**Assigned task:**
Your task is to write out the entire listing exactly, omitting its pictures.

**Stored data:**
=== Begin Enclosure ===

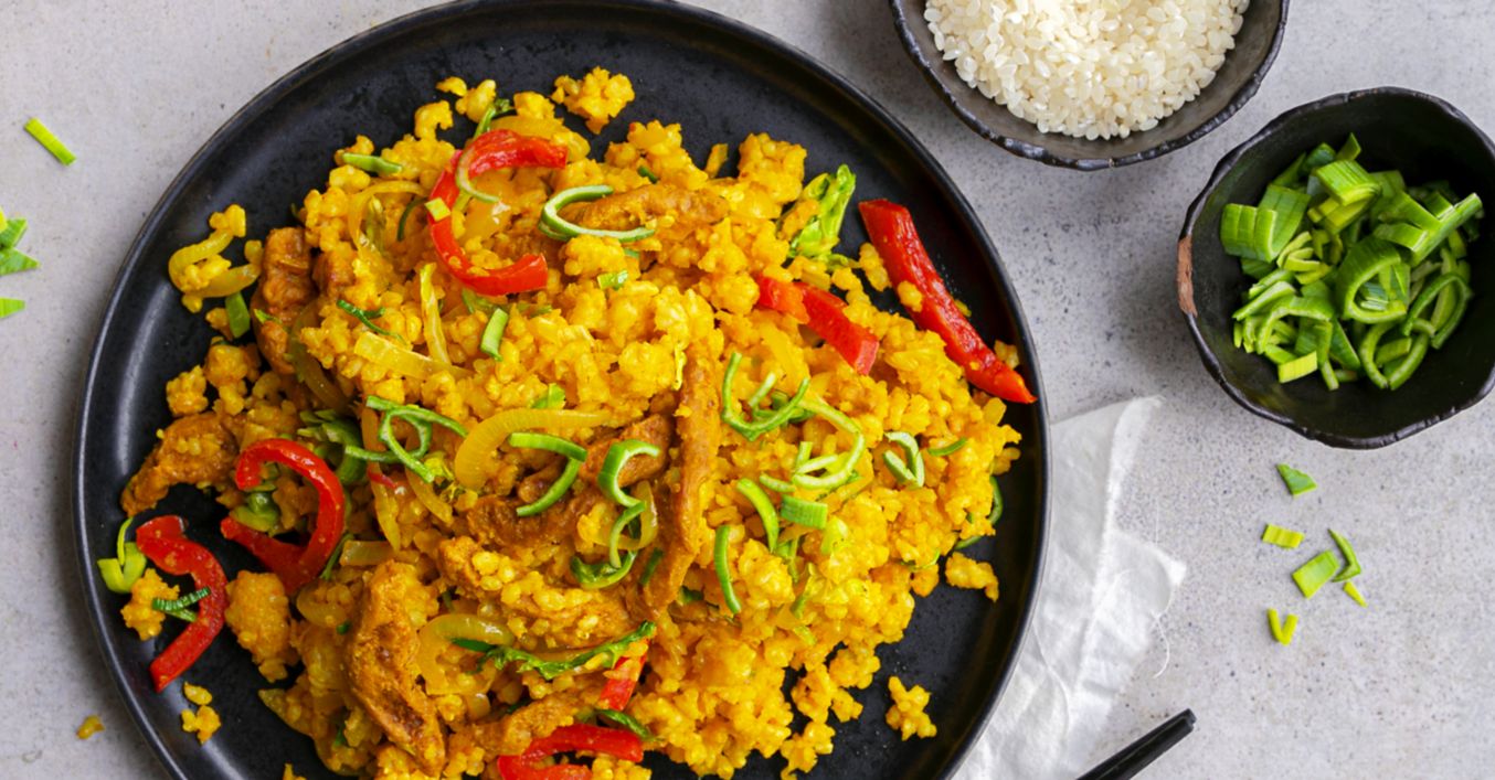 K masu a zelenině přidejte uvařenou rýži a kari koření s vodou. Promíchejte.
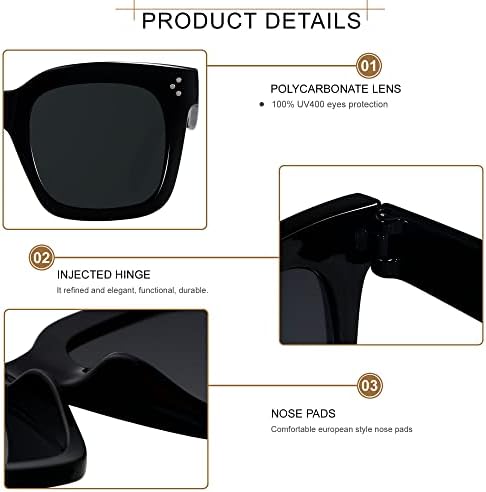 ANDWOOD Oversized Sunglasses For Women is fashion style brand designer,It is suitable for big face, show womans unique and fashion.The most fashionable classic retro design, the perfect cover your eyes. [UV Protective] Big square sunglasses with UV400 rated protection, can block 100% of both UVA and UVB radiation and fully protect against harmful ultraviolet rays. Ladies will love to wear these big sun glasses in the warm light of summer or on those cold winter mornings. HIGH QUALITY - Retro Square Sunglasses used lightweight plastic material have a durable frame, thick but slim, not easily deformed, long wear does not press nose give womens a unique and comfortable wearing experience. The Oversize square shape frame makes the overall look of the sun glasses more stylish, trendy, cool, sexy and cute. Perfect Fit - These Large Sunglasses is suitable for walking, traveling, driving, shopping, taking photos, beach, party, and other outdoor activities, etc; also be a nice gift for festivals. Womens Vintage Sunglasses: ANDWOOD fashion shades we provide 30 days money back warranty after you purchase it . If you have any questions about our sun glasses , please do not to hesitate and feel free to contact us.         #10,989 in Clothing, Shoes & Jewelry ( )   #112 in
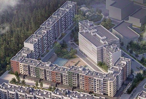 Современная среднеэтажная застройка с увеличенными расстояниями между корпусами создаёт ощущение простора и уединённости. Фасады выполнены в лёгкой скандинавской стилистике, увеличенные окна и остеклённые лоджии наполняют квартиры светом и открывают виды на природу.
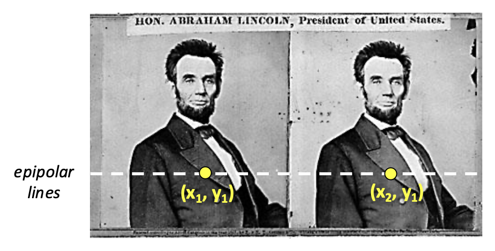 立体匹配算法的思路是:在共轭 (conjugate) 极线中匹配像素(假设亮度恒定

=== End Enclosure ===

**Written response:**
 K masu a zelenině přidejte uvařenou rýži a kari koření s vodou. Promíchejte.
 ANDWOOD Oversized Sunglasses For Women is fashion style brand designer,It is suitable for big face, show womans unique and fashion.The most fashionable classic retro design, the perfect cover your eyes. [UV Protective] Big square sunglasses with UV400 rated protection, can block 100% of both UVA and UVB radiation and fully protect against harmful ultraviolet rays. Ladies will love to wear these big sun glasses in the warm light of summer or on those cold winter mornings. HIGH QUALITY - Retro Square Sunglasses used lightweight plastic material have a durable frame, thick but slim, not easily deformed, long wear does not press nose give womens a unique and comfortable wearing experience. The Oversize square shape frame makes the overall look of the sun glasses more stylish, trendy, cool, sexy and cute. Perfect Fit - These Large Sunglasses is suitable for walking, traveling, driving, shopping, taking photos, beach, party, and other outdoor activities, etc; also be a nice gift for festivals. Womens Vintage Sunglasses: ANDWOOD fashion shades we provide 30 days money back warranty after you purchase it . If you have any questions about our sun glasses , please do not to hesitate and feel free to contact us.         #10,989 in Clothing, Shoes & Jewelry ( )   #112 in
 Современная среднеэтажная застройка с увеличенными расстояниями между корпусами создаёт ощущение простора и уединённости. Фасады выполнены в лёгкой скандинавской стилистике, увеличенные окна и остеклённые лоджии наполняют квартиры светом и открывают виды на природу.
 立体匹配算法的思路是:在共轭 (conjugate) 极线中匹配像素(假设亮度恒定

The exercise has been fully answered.